Why easing of FDI caps by Narendra Modi govt is largely cosmetic, changes little on the ground

New Delhi: There have been loud cheers for liberalisation in foreign direct investment (FDI) norms by the government but the cheerleaders have perhaps failed to see that these changes are largely cosmetic and at best, enabling. Of course, any easing of FDI norms is welcome and it cannot be denied that under the Modi government, FDI inflows have jumped substantially.

But having said that, the changes announced on Wednesday alter little on the ground. The government has announced up to 49 percent FDI in Air India and also opened up single brand retail to 100 percent FDI through the automatic route.

In Air India’s case, this move just brings the airline on par with the FDI cap for all other private airlines where up to 49 percent equity investment by foreign airlines was already permitted. As for single brand retail, the 100 percent FDI permission has merely been put on the automatic route – it was already allowed but through specific government approval on a case to case basis after the 49 percent cap. The bigger bugbear of foreign retailers – mandatory local sourcing norms – has merely been somewhat diluted, it remains a roadblock. And FDI caps on multi brand retail stay in place.

The Opposition is already roasting the Modi government for its alleged ‘U turn’ on FDI easing in retail trade, saying the Prime Minister Narendra Modi had opposed the same vociferously when the UPA was in power. This, when multi-brand retail trade and FDI limits in it have not even been touched. So is the cosmetic tweaking of FDI limits in high-profile sectors of aviation and retail trade a mere flash before the PM and his large entourage head to Davos for the World Economic Forum (WEF) meeting?

U.S. dollars. Reuters.

U.S. dollars. Reuters.

Let us look at Air India’s case first. By allowing foreign airlines to also participate in the disinvestment process, the government has merely lifted a small irritant – this single decision will likely not propel the disinvestment process forward at greater speed or with better efficiency. In the first place, keeping Air India out of the FDI ambit was a bit foolish – why have a policy for just one section of the industry and keep select companies (even if government owned) out of its ambit?

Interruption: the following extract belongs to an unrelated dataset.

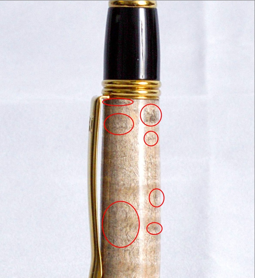 Hello all, I'm having an intermittent problem with sanding/finishing turned pen blanks. Every so often, I get what seem to be "dirty checks" in a turned piece. I usually turn with sharp tools and sand with 150,240,320, 400. I then use micro-mesh up to 12000. I'm doing both rotational and grain sanding. I also wipe the piece between grits.

Besides, there is an indication that easing FDI limits now signals the government’s resolve to go ahead with the proposed disinvestment amid a lukewarm response from potential Indian bidders. Remember, Air India’s parent – the Tatas – may not have placed a bid at all if partner Singapore Airlines wasn’t allowed in. With the latest move, the Tata-Singapore Airlines combine, Jet Airways (which has a 24 percent partner in Etihad Airways and is looking for more foreign airline equity) and well-funded foreign airlines become potential bidders.

Till now, only IndiGo had evinced interest in the disinvestment process of Air India among airlines (others have been merely hinting at their interest without any formal proposal) and this too was restricted to international operations of Air India. All other potential bidders seem more interested in ground handling or other select businesses of Air India – not the airline operation.

But as we said earlier, allowing foreign airlines to partner Indian entities in bidding for Air India is just one step in easing the disinvestment process. The deal maker would be clarity on several other critical issues – how much debt is the government willing to take off Air India’s books, how much equity it is willing to offload and whether it wants to retain control in any fashion even after disinvestment. While global aviation consultancy CAPA has said that lifting the cap on foreign airline participation in the Air India disinvestment process will likely bring 4-6 potential bidders for the stake sale, it is final contours of the sale which will determine buyer interest.

On single brand retail, again the government has merely saved the foreign retailers mountains of paperwork they have had to do till now to get in, in case they wanted to set up shop with full control in India. Till now, 49 percent FDI was allowed under the automatic route in single brand retail but for anything beyond, government approval was needed. The local sourcing norms have been eased, but remain. Now, an single brand retail entity can set off its incremental sourcing of goods from India for global operations during initial 5 years, beginning 1st April of the year of the opening of first store against the mandatory sourcing requirement of 30 percent of purchases from India.

“For this purpose, incremental sourcing will mean the increase in terms of value of such global sourcing from India for that single brand (in rupee terms) in a particular financial year over the preceding financial year, by the non-resident entities undertaking single brand retail trading entity, either directly or through their group companies. After completion of this 5 year period, the single brand retail entity shall be required to meet the 30 percent sourcing norms directly towards its India’s operation, on an annual basis,” said an official statement.

Does putting 100 percent FDI on automatic route in single brand retail open up floodgates for global retailers desperate to come to the Indian market?

This piece in Business Standard says Apple may still not be enthused to set up branded stores in India though retailers like Ikea and H&M will benefit from easier sourcing norms. It also says that more than 200 fashion and apparel brands are lined up to enter India, including international labels such as Avva, Colin’s, Damat, Tudba Deri and Dufy. Local traders are, obviously, opposed to the easing of norms with the Confederation of Indian Traders ( CAIT) pointing out “love of this government” towards multinational companies and speaking of large scale job losses as a result of the FDI norms’ easing.